# Expectation value of non-physical observable

## Homework Statement

This may be incredibly obvious, but I just need to check. Of course we all know that physical observables must yield real expectation values. What if you tried to calculate, say, <xV(d/dx)>, where x is the position, d/dx is a first derivative, and V is the potential? This isn't an observable...so do we automatically know the answer is zero(or non-real)?

## The Attempt at a Solution

vela
Staff Emeritus
Homework Helper
Nope.

Nope.

So after searching around I agree with your answer, but I am not sure why this is so.
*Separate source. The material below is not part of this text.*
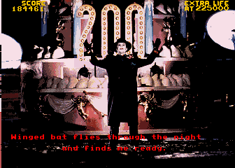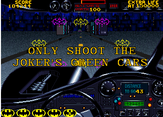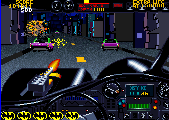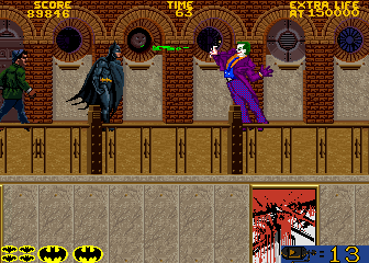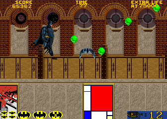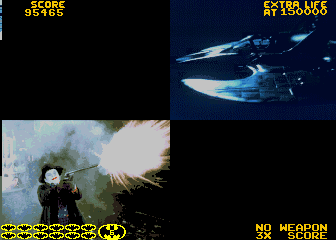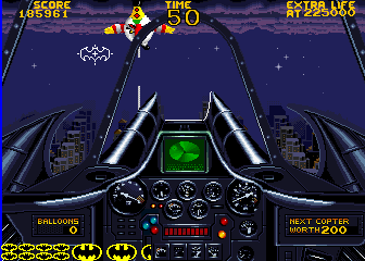 Finally, a decent driving stage. You get to control the Bat Wing this time, as you steal The Joker's balloons and fight off his attack helicopters. You catch the balloons in the centre of the Bat Wing- line 'em up with the middle segment by moving left or right and you'll pick them up automatically. The stage is on a timer, and even if you don't collect a single balloon, you'll go to the next stage when the time is up, as the Joker wails "HE STOLE MY BALLOONS!!!" in your general direction. However, collecting the balloons is fun, and not only do you get 2000 points for each one you pick up, but you get a huge points bonus at the end if you get them all. It's a nice little section, actually, and probably the most enjoyable bit in the game- although it's barely more sophisticated than the other driving sections, it's still pretty fun! Shame that the fun is so very short-lived.
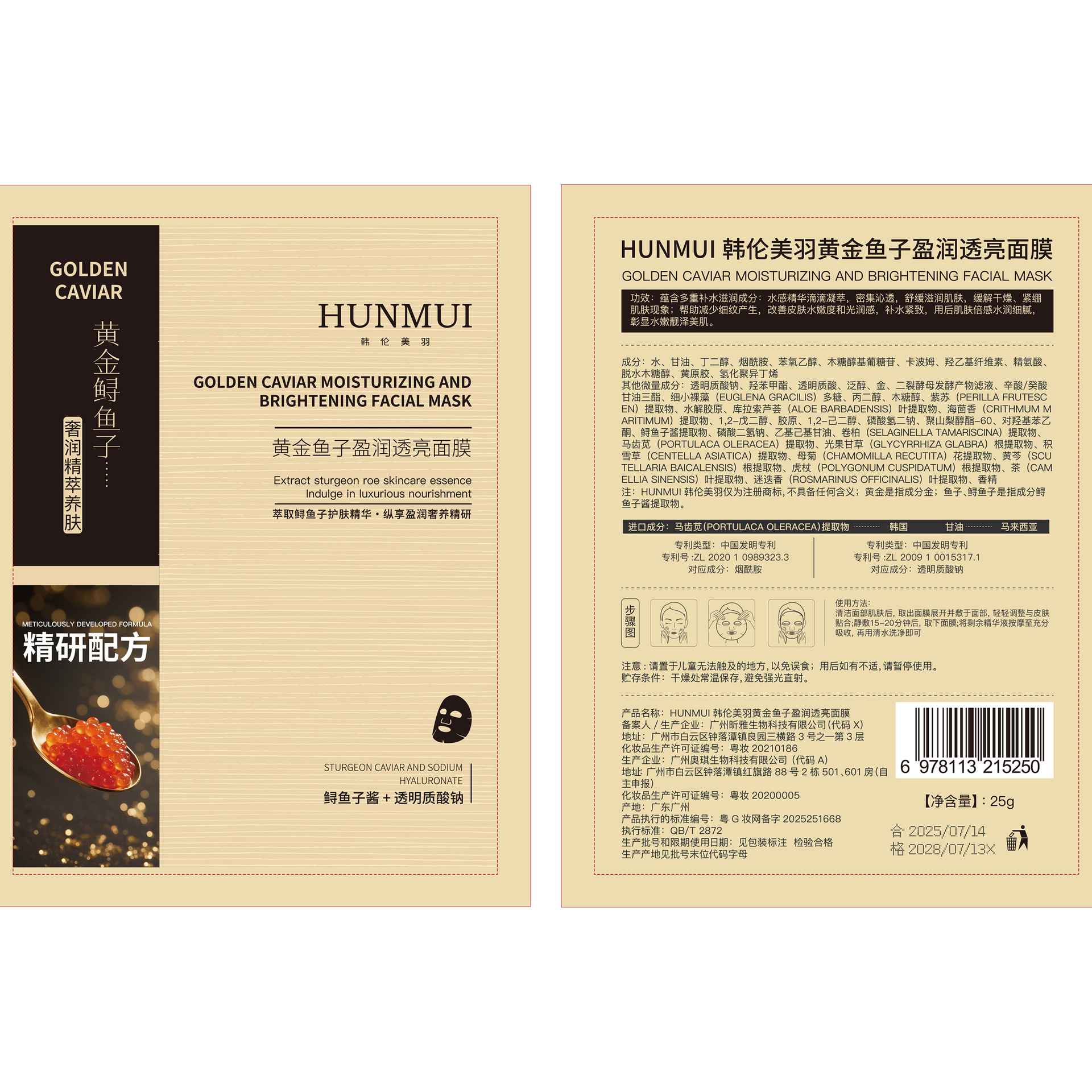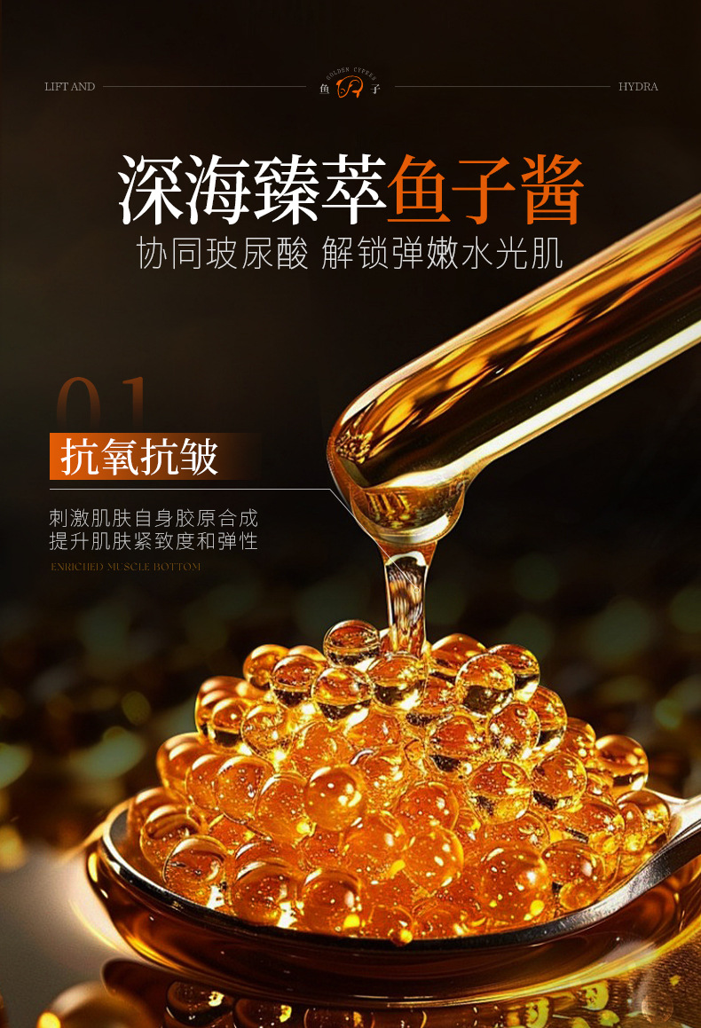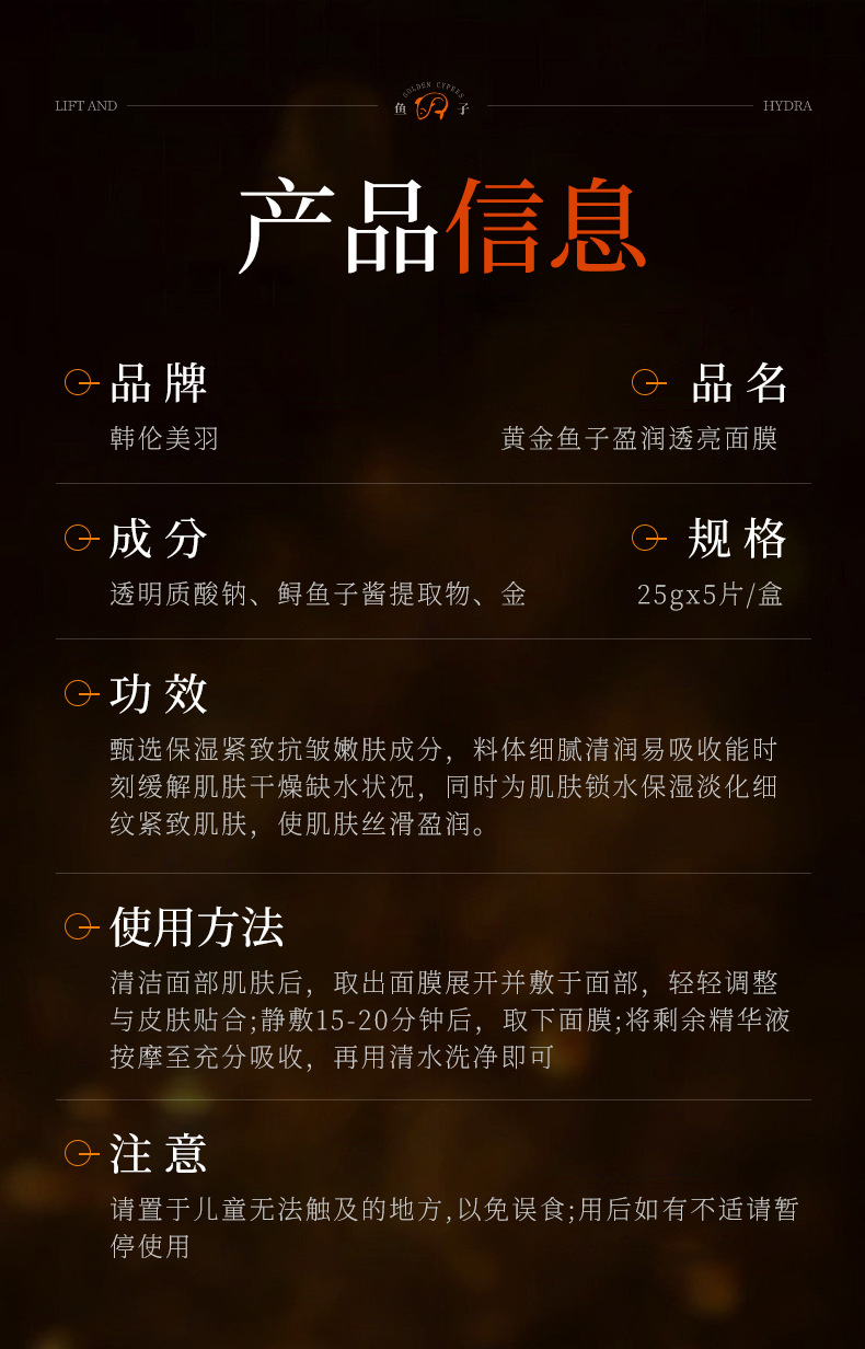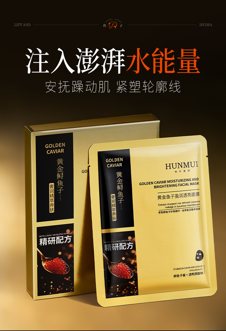 韩伦美羽黄金鱼子盈润透亮面膜保湿补水滋润黑金鲟鱼子面膜批发

For example, <xp> is not zero but has a complex component. xp isn't really considered a physical observable though...is it? Is the only restriction on for a real expectation value that the quantity be a "physically meaningful" observable such as momentum, energy, etc..?

dextercioby
Homework Helper
The basic requirement is for the linear operators which describe quantum observables to be self-adjoint. xp isn't. Self-adjoint operators have a spectral decomposition with a purely real spectrum, so that every expectation value on a state in their domain is real.

However, the combination

$$D = \frac{XP+PX}{2},$$

which looks the same classically, is self adjoint. One can often construct valid observables by getting the operator ordering right.

However, the combination

$$D = \frac{XP+PX}{2},$$

which looks the same classically, is self adjoint. One can often construct valid observables by getting the operator ordering right.

So since this is self adjoint...then how to we interpret this physically?

Simply as the product of position and momentum, I would think. We could in principle design a clever experiment to measure D.